Set down nothing but the lines from the one containing "The Jordan Lawlar" to the final line of the material, exactly as written, and drop the pictures.
DATA EXTRACT below:
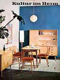 | | | | Kalender "Kultur im Heim 1962" | | Kalender "Kultur im Heim 1962" - Sitzmöbel: "Entwurfsbüro der volkseigenen Möbelindustrie Waldheim/Sa.", Anbauschränke: "Entwurfsbüro Schkeiditz, Typensatz 198, Material: Afromosia" | | |
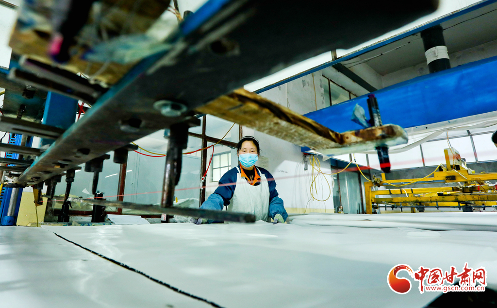 2021年2月22日,甘肃张掖一纺织品公司织布车间内工人们正在紧张有序地进行产业用纺织品裁剪。
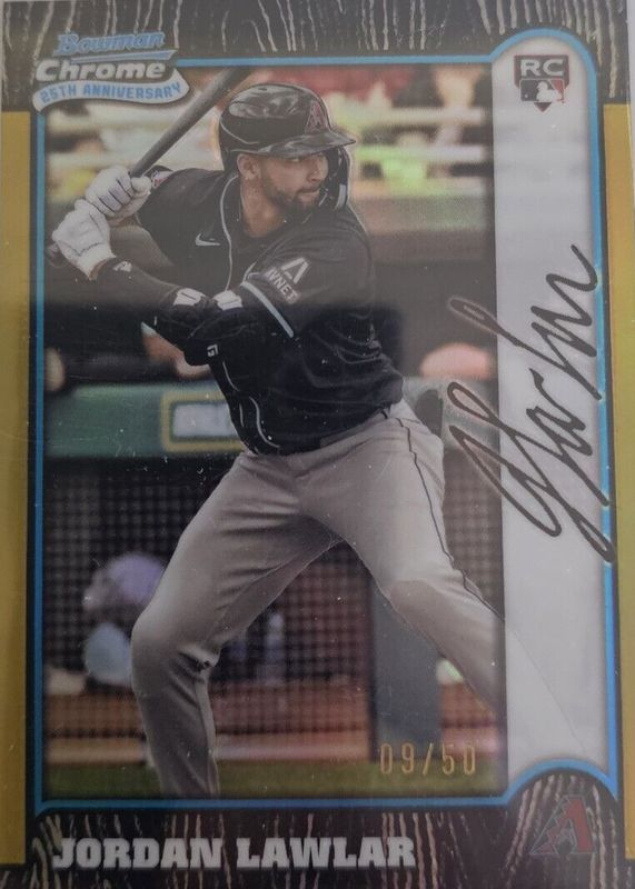 The Jordan Lawlar 2024 Bowman Chrome #BC25-6 1999 Bowman Chrome 25th Anniversary - Gold Refractor /50 Rookie card in Raw condition has moved up $4.25 (+131%) in the last 30 days and was last sold for $7.50 .
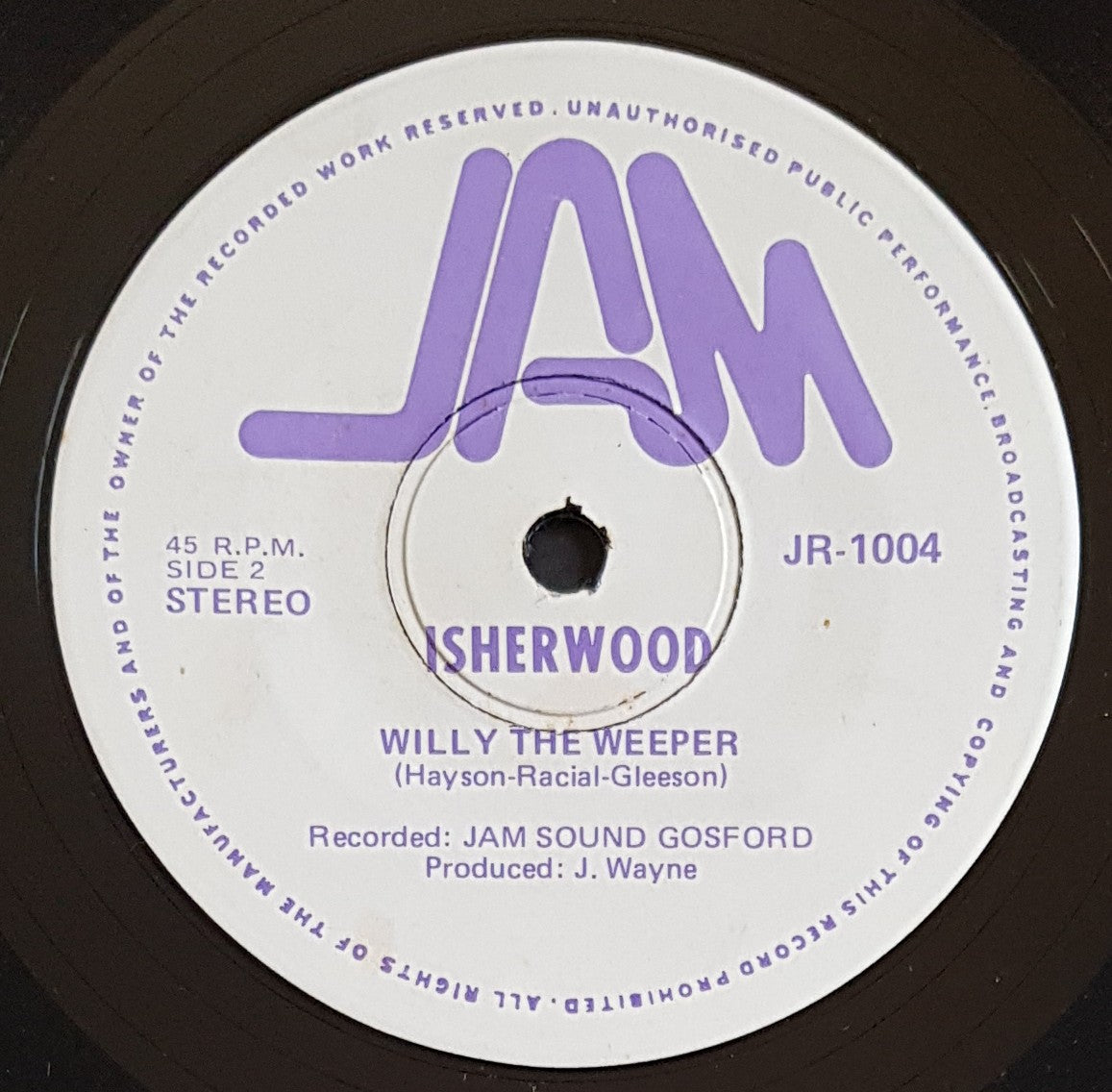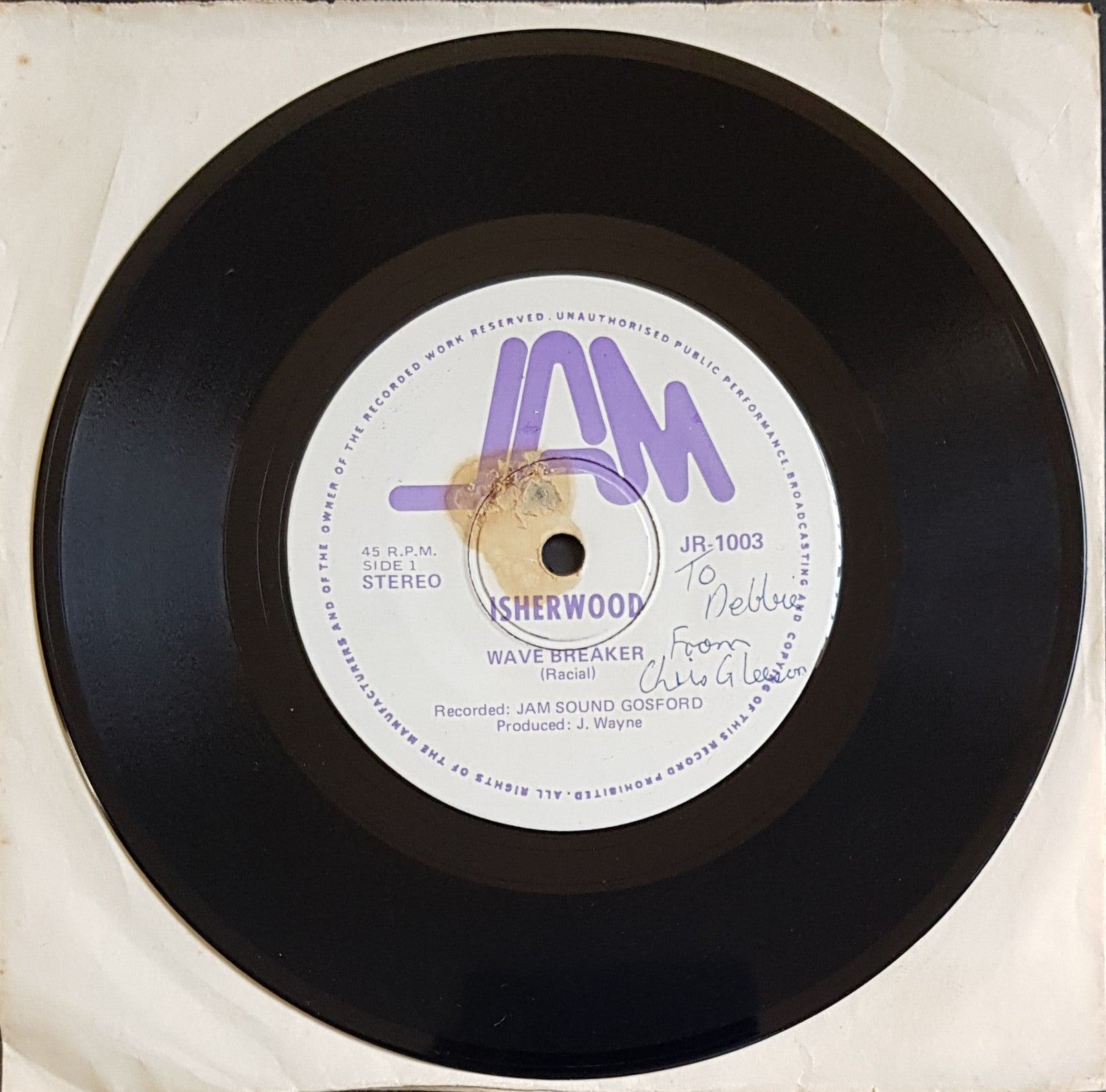 1975 JAM JR-1003. Rare Independent Release. Wave Breaker is a Guitar Based Surf Track, While Willy Is About A Stoned Chimney Sweeper with Great 'Lobby Loyde' Like Guitar Boogie Sound. Stain on label which is also signed and dedicated to Debbie by Chris Gleeson.
End of DATA EXTRACT.
TASK ANSWER
 The Jordan Lawlar 2024 Bowman Chrome #BC25-6 1999 Bowman Chrome 25th Anniversary - Gold Refractor /50 Rookie card in Raw condition has moved up $4.25 (+131%) in the last 30 days and was last sold for $7.50 .
 1975 JAM JR-1003. Rare Independent Release. Wave Breaker is a Guitar Based Surf Track, While Willy Is About A Stoned Chimney Sweeper with Great 'Lobby Loyde' Like Guitar Boogie Sound. Stain on label which is also signed and dedicated to Debbie by Chris Gleeson.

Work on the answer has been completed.